Transcurrió una hora antes de que sonara el teléfono.

Dick Foley dijo que subía a verme.

Llegó en cinco minutos. Su enjuto rostro preocupado no era cordial. Ni tampoco su voz. Dijo:

—Órdenes de detención contra ti. Asesinato. Dos cargos: Brand y Dawn. He llamado. Mickey ha dicho que aguantaría, que tú estabas aquí. Lo ha pillado la poli. Ahora lo están interrogando.

—Sí, ya me lo esperaba.

—Yo también —dijo con aspereza.

Procurando arrastrar las palabras, dije:

—Tú crees que los maté, ¿verdad, Dick?

—Si no los mataste, sería un buen momento para decirlo.

—¿Vas a delatarme? —le pregunté.

Sonrió y dejó los dientes al descubierto. El tono de su rostro pasó de moreno a pardo rojizo.

—Vuélvete a San Francisco, Dick —le dije—. Bastante tengo como para verme obligado a vigilarte.

Se caló el sombrero con mucho cuidado y con mucho cuidado cerró la puerta a su espalda cuando salió.

A las cuatro pedí que me trajeran algo de comer, tabaco y la edición vespertina del Herald.

La muerte de Dinah Brand y el asesinato más reciente de Charles Proctor Dawn dividían la primera página del Herald, relacionados entre sí por Helen Albury.

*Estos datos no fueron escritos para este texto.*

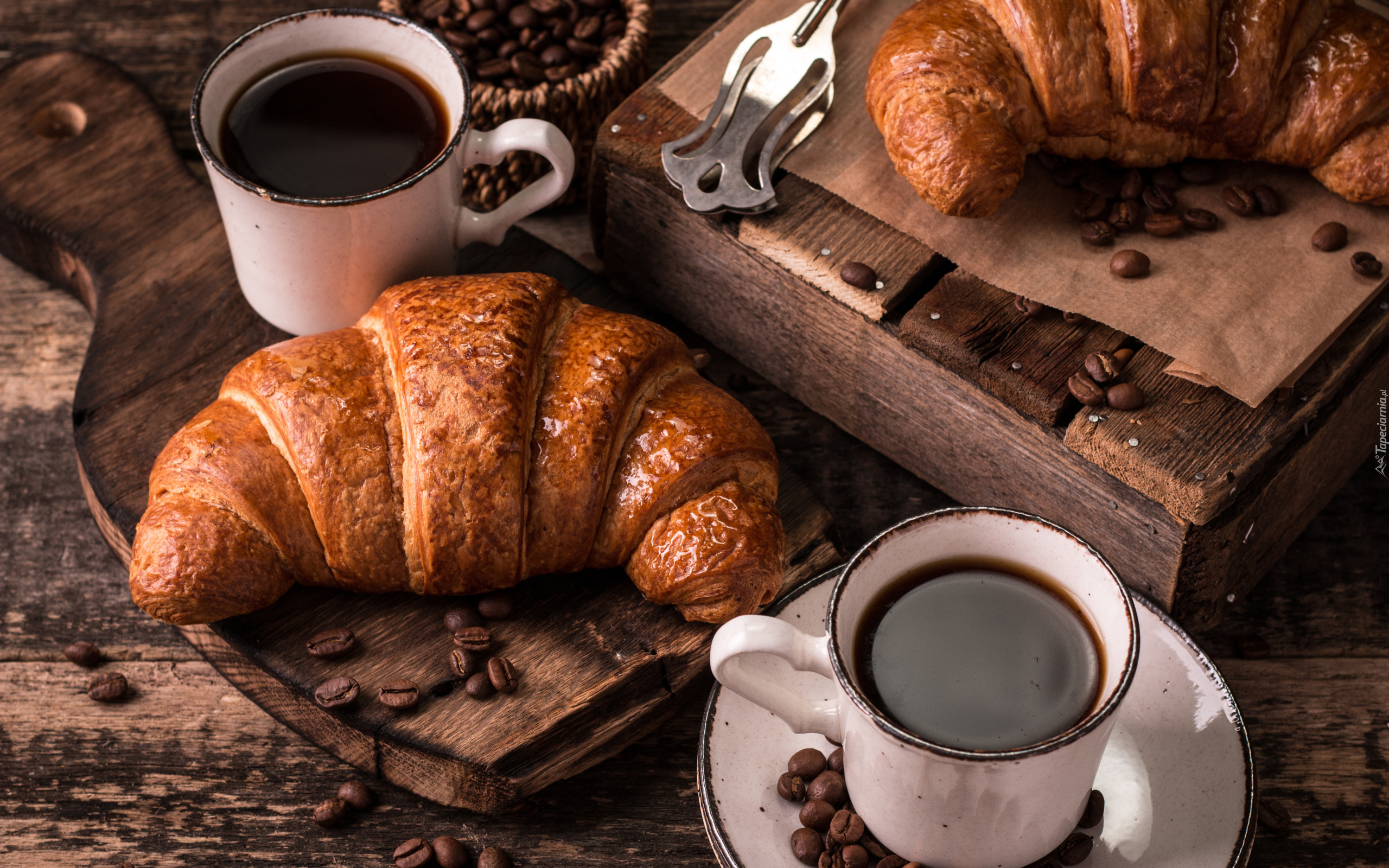 Edytor tapety: Rogaliki obok kawy w kubkach
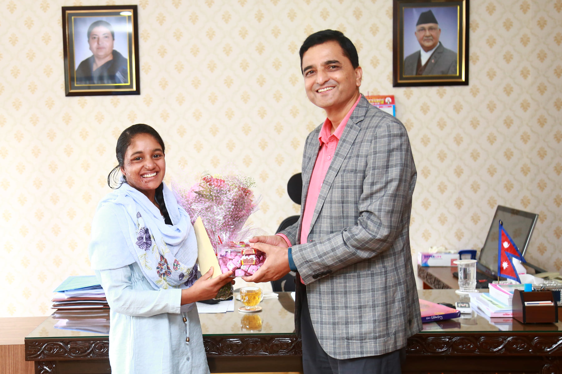 जन्मदिनमा मुस्कान खातुनलाई पर्यटनमन्त्रीको ५० हजार सहयोग
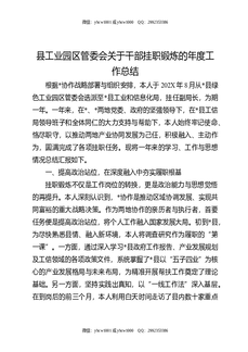 县工业园区管委会关于干部挂职锻炼的年度工作总结.docx
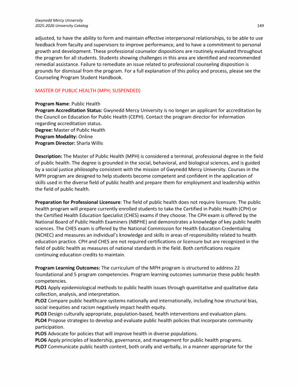 Program Name: Public Health Program Accreditation Status: Gwynedd Mercy University is no longer an applicant for accreditation by the Council on Education for Public Health( CEPH). Contact the program director for information regarding accreditation status. Degree: Master of Public Health Program Modality: Online Program Director: Sharla Willis

Helen Albury era, según pude leer, la hermana de Robert Albury, y, a pesar de la confesión de este, estaba plenamente convencida de que su hermano no era culpable de asesinato, sino víctima de una trama. Ella había contratado a Charles Proctor Dawn para que lo defendiera. (Supuse que el difunto Charles Proctor había ido tras ella, y no al revés.) El hermano no quiso saber nada de Dawn ni de ningún otro abogado, pero la muchacha (debidamente alentada por Dawn, sin duda) no se dio por vencida.

Encontró un piso desocupado enfrente de la casa de Dinah Brand, lo alquiló y se instaló allí con unos prismáticos y una idea: demostrar que Dinah y sus cómplices eran culpables del asesinato de Donald Willsson.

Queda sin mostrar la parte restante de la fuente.